-- DATA TO PROCESS follows --
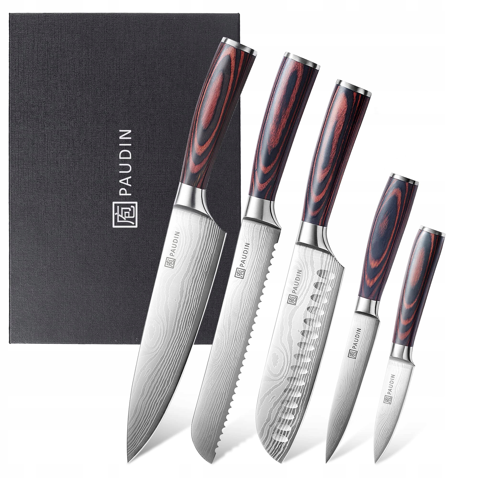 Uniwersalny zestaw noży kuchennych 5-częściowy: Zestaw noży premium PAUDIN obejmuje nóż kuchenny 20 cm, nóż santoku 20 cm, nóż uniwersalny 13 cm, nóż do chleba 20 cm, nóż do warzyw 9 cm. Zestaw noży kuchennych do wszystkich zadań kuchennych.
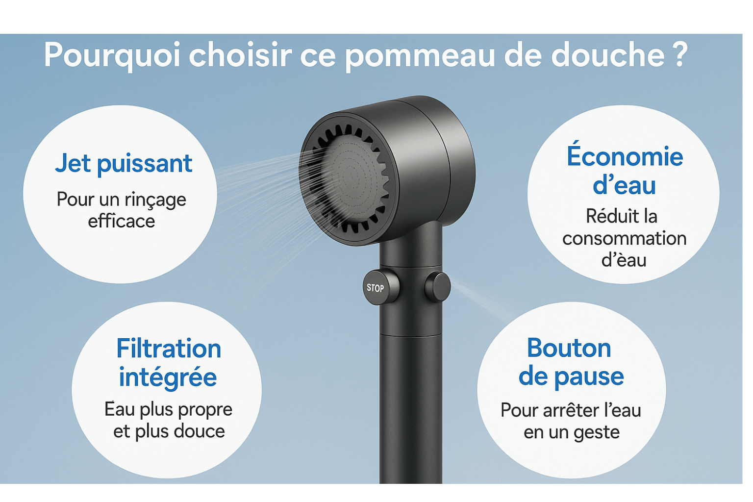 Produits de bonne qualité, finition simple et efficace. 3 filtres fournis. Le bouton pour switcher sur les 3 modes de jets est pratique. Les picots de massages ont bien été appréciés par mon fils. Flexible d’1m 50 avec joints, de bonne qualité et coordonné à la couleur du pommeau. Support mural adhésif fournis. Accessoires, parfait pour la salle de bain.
-- DATA TO PROCESS concluded --
-- DATA TO PROCESS follows --
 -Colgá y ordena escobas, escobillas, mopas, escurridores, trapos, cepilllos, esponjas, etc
-- DATA TO PROCESS concluded --
Return exactly the lines of the material above, starting at the line containing "Uniwersalny zestaw noży" and finishing at the line containing "Produits de bonne", without any pictures.

:: RESULT ::
 Uniwersalny zestaw noży kuchennych 5-częściowy: Zestaw noży premium PAUDIN obejmuje nóż kuchenny 20 cm, nóż santoku 20 cm, nóż uniwersalny 13 cm, nóż do chleba 20 cm, nóż do warzyw 9 cm. Zestaw noży kuchennych do wszystkich zadań kuchennych.
 Produits de bonne qualité, finition simple et efficace. 3 filtres fournis. Le bouton pour switcher sur les 3 modes de jets est pratique. Les picots de massages ont bien été appréciés par mon fils. Flexible d’1m 50 avec joints, de bonne qualité et coordonné à la couleur du pommeau. Support mural adhésif fournis. Accessoires, parfait pour la salle de bain.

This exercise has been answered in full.